At 5 d after vaccination, all pools of choanal swabs from the vaccinated group were positive for viral RNA, whereas those from the mock-vaccinated group were negative. At 5 d after challenge at 4 wk of age (3 wk after vaccination), only 1 of the 15 birds in the vaccinated group was positive for APV-RNA, whereas all 15 birds in the nonvaccinated group were positive. After challenge at 8, 11, and 15 wk of age (7, 10, and 14 wk after vaccination), all birds in the vaccinated group were negative for APV-RNA, whereas all birds in the mock-vaccinated group were positive.

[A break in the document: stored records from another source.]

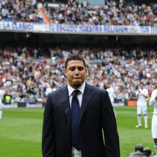 MADRID, ESPAÑA (02/ABR/2011).- El ex atacante brasileño del Real Madrid Ronaldo, retirado en febrero, fue aclamado este sábado en el estadio Santiago Bernabeu de la capital española, antes de hacer el saque de honor en el partido Real Madrid-Sporting de Gijón, en la jornada 30 de la Liga.
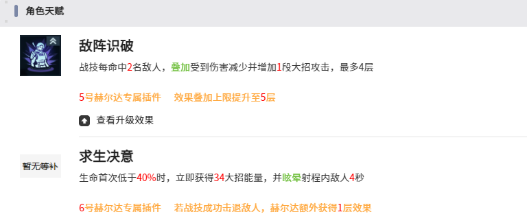 赫尔达强度完全是跟着覆盖人数走场上的敌人越多,那么就会更加的强势。不仅可以叠多层减伤,并且还是一个硬坦型的输出。大招的段数还有释放的频率都会明显的提升,相当于是一个又肉又能打的角色。而且自带一个入场爆发以及快速大招的特性,在入场之后随手扔出一个手雷就可以直接爆炸一片。大招转的比较快,而且适配性是比较强的。两个适配模组更有侧重,在选对模组之后就可以精准的发力,第1个是就地联合,第2个就是一致战线。
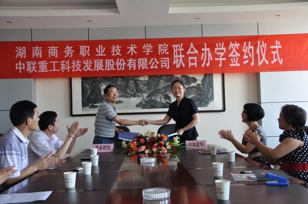 长沙中联重工科技发展股份有限公司创建于1992年,是颇具实力的上市公司,是中国工程机械装备制造领军企业,2010年在全球工程机械行业排名第7位,在“中国企业500强”中一直名列前茅。此次与中联重科科技发展有限公司的合作,是我院校企合作办学,用企业文化、岗位实践技能进行“订单式”人才培养一个方面。届时,我院在电信系2011级电气自动化专业开设“中联班”,学生在校学习的前两年,中联重科将委派讲师到校指导授课,将中联重科企业文化、企业制度和专业知识贯穿到各个学期之中,第六个学期,学生进入公司顶岗实习。学生拿到毕业证即为实习期满,实习考评合格者可以与中联重科签订正式劳动合同,进入公司就业。

None of the 20 birds tested at 1 wk of age had APV antibodies. The antibody findings after vaccination and 10 d after each challenge are shown in Table I. At 3 wk after vaccination, 12 of the 15 vaccinated and challenged birds were positive for APV antibodies (geometric mean titre [GMT] = 61). At 7 wk and until 14 wk after vaccination, all birds in the vaccinated and challenged groups were positive, the GMT rising, declining at 10 wk, and then rising again. The difference between the GMTs at 10 and 14 wk after vaccination was statistically significant (P < 0.002), as was the difference in pre- and post-challenge titres between the vaccinated and nonvaccinated groups (P < 0.05). After challenge, the GMTs rose in all the groups, but they were lower in the nonvaccinated birds than in the vaccinated birds.

Table I
Seroconversion in turkeys after vaccination with a cold-adapted strain of Avian pneumovirus (APV) and after challenge with virulent APV

In the initial report on experimental evaluation of a cold-adapted strain of APV, no clinical signs were observed in turkey poults after vaccination (12). The same was true in this study. When the birds were challenged at 4 wk of age (3 wk after vaccination), the complete absence of clinical signs in the vaccinated birds as compared with signs in 12 of the 15 nonvaccinated birds further confirmed that the vaccine was protective at this age. Birds in the nonvaccinated group served as nonvaccinated, nonchallenged controls (45, 30, and 15 birds at 4, 8, and 11 wk of age). No clinical signs were observed in this group at any time. In addition, this group was free of humoral APV antibodies when tested immediately before challenge (Table I).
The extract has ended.